Labor will not accept this government abolishing a crucial piece of the architecture of Australia's superannuation system. We urge this parliament to stand up and prevent a reduction in consumer protections and outcomes that will come from the abolition of the Superannuation Complaints Tribunal and its replacement with a private body, a generic, one-stop ombudsman scheme. There is very little change in this bill for customers who have a dispute with the banks. They can go to an ombudsman scheme now. AFCA will be an ombudsman scheme as well, and AFCA has no new powers for these disputes. The Prime Minister promised a tribunal. The bill fails to deliver one. Instead, what this bill presents is a rebadging of the existing Financial Ombudsman Service and the Credit and Investments Ombudsman and the abolition of a tribunal, the Superannuation Complaints Tribunal.

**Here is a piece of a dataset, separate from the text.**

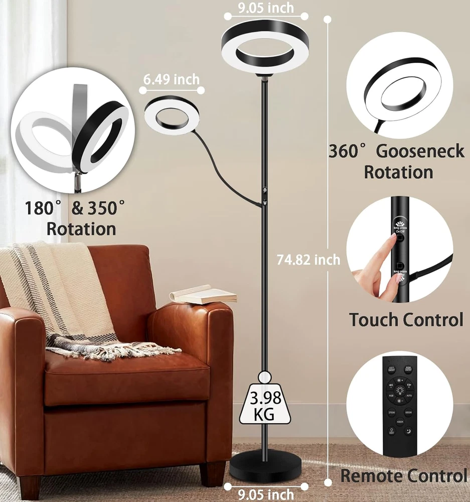 Store New Arrivals Add to Favorite View Feedback Contact Floor Lamp for Living Room with 3 Color Temperatures,Super Bright Dimmable LED Lamps, Standing Lamp Tall with Remote Push Button, Adjustable Gooseneck Reading Lamp for Bedroom Office Description Item model number A9 Light Source Type LED Style Minimalist Number of Items 1 Power Source Corded Electric Number of Light Sources 2 Control Method Remote Batteries Included? No Lighting Method Adjustable Lamp Type led Number of Pieces 1 Room Type Living Room Switch Type Remote Product Dimensions 16.33"D x 4.4"W x 10.82"H Material Cast Iron, Iron Installation Type Freestanding Controller Type Remote Control Finish Type Painted Specific Uses For Product Reading, Decoration Indoor/Outdoor Usage Indoor Bulb Base B21S-4 Country of Origin China Batteries Required? No Item Weight 10 Pounds Connectivity Technology USB Special Features dimmable Special Feature dimmable Part Number A9 Shade Color Black Mounting Type Floor Mount Color Black Is Cordless? No Base Material Metal Is Waterproof false Shape Round Voltage 120 Volts Recommended Uses For Product Reading, Decoration Shade Material Plastic, Metal, Iron Finish types Painted Included Components Remote Control Size A Upgraded Lamp Head: The newly upgraded living room high light has a metal base that is heavy enough to be securely placed. The buttons on the lamp post only control both sides of the main light, and the on/off key of the reading light is on the remote control. There are two circular lamp heads that can be freely adjusted in angle, without flickering or blue light. Protect your and your family's eyes. (remote control does not contain batteries) Modern Floor Lamp with 3 Color Temperature :3 color temperature modern floor lamp: The main RGB vertical lamp includes an LED emitting surface, and the main lamp has adjustable temperature settings of 3 different colors: 2700K/4000K/6500K. You can easily change the color temperature (except for reading lights) through the remote control to set the overall atmosphere of the room. Different modes create different atmospheres to meet your daily needs. Floor Lamps for Living Room with Adjustable light: Gooseneck Reading floor lamp comes with a rotating head, assuring convenience for daily life. When you put the floor light behind your couch, you can adjust the lamp head to any angle you like, which is very proper for reading and working. Handy Push Button to turn on/off the lamp and change 3 different color temperatures. Corner Floor Lamp for Living Room Bedroom Study Room: It is very affordable and works great when you need a floor lamp for a dark corner. This floor light fits in any room from industrial to modern or traditional décor. Perfect for a living room floor lamp, bedroom floor lamp, kids room floor lamp, office floor lamp, appartment floor lamp, classroom floor lamp. Easy to Install: Easy to put together and included the 2 light head . You need to twist the poles together, insert them in the base.Pull out the light cord from the bottom to easily screw the light pole together . No need any tools to complete. Product Description ABOUT US We offer the best prices around on high quality products. Our E-store includes media such as books, movies, music and games while offering electronics, toys, sporting apparel, clothing, tools, general home, garden items and more. SHIPPING We are always working hard to ensure your package arrives as soon as possible. Please understand that some factors like weather, high postal traffic, and the performance of shipping companies are outside of our control. We offer free shipping to the lower 48 states and ship within 2 business days of payment, usually sooner. We do not accept P.O. Boxes. Please provide a physical address. For shipping outside of the continental USA, we only use eBay's Global Shipping Program.The item is shipped to KY and then sent to the rest of the world. International customers are responsible for all duties and taxes. Continue to check out in order to calculate costs for shipping the item to your country. Messages regarding eBay's Global Shipping Program MUST be directed at eBay EXCLUSIVELY. RETURNS We offer a 30-Day Return Policy on items which you are not completely satisfied with. You have the option for a full-refund or an exchange of the item. No returns are available on items shipped outside of the USA. PAYMENT We accept PayPal. CONTACT US This page content is yet to come Please ad us to your favorite seller and visit again later Thank You CUSTOMER SATISFACTION We try our very best to make sure every customer is completely satisfied. If there's a problem, message us! We're happy to help. WE ACCEPT Copyright © 2021 AutoDS. | All Rights Reserved

In relation to superannuation disputes, this bill represents a substantial reduction in the quality of dispute resolution in its attempt to replace a statutory Superannuation Complaints Tribunal, with specialist expertise for complex super disputes, with a generic private body one-stop shop ombudsman whose powers are based on contract law. As such, we commend this amendment, as it protects the quality and integrity of superannuation dispute resolution by retaining the Superannuation Complaints Tribunal. I would urge all of the crossbench to support what has been a very effective, efficient and longstanding tribunal with runs on the board in dealing with the specialist issues that arise from superannuation.

The problem that we have is that this government does everything in its power to resist superannuation being delivered to working-class people in this country. It resisted superannuation being introduced in the first place. It continues to resist increases to superannuation for workers who need superannuation so that they can retire with dignity. This is part of its attack on superannuation. It removes a tribunal that has worked effectively and efficiently over many years. It takes it away from a statutory organisation to a privately run organisation.

We don't believe it's the appropriate way to go. We would hope that the crossbench supports our position. The crossbench should not be aligning itself with the government to further attack the efficacy of the superannuation system in this country. I would ask One Nation to give serious consideration to supporting this body, the Superannuation Complaints Tribunal, that has been effective, that has been efficient and that looks after families—it's not just workers; it's families—who end up in disputes or disagreements over superannuation payments. I ask that One Nation continues to support the Superannuation Complaints Tribunal as the most effective and longstanding proposition to deal with these superannuation disputes.

I take the view that these are important issues that we should deal with. Just before we go on, I'd like the minister to answer these questions: can the minister confirm that the SCT will be wound up four years after the bill receives royal assent; can the minister confirm that the SCT has provided advice to the government that, on current funding levels, the SCT will not be able to finalise all disputes until December 2022, over five years away; and can the minister guarantee that the SCT will receive additional funding from the government to resolve the disputes?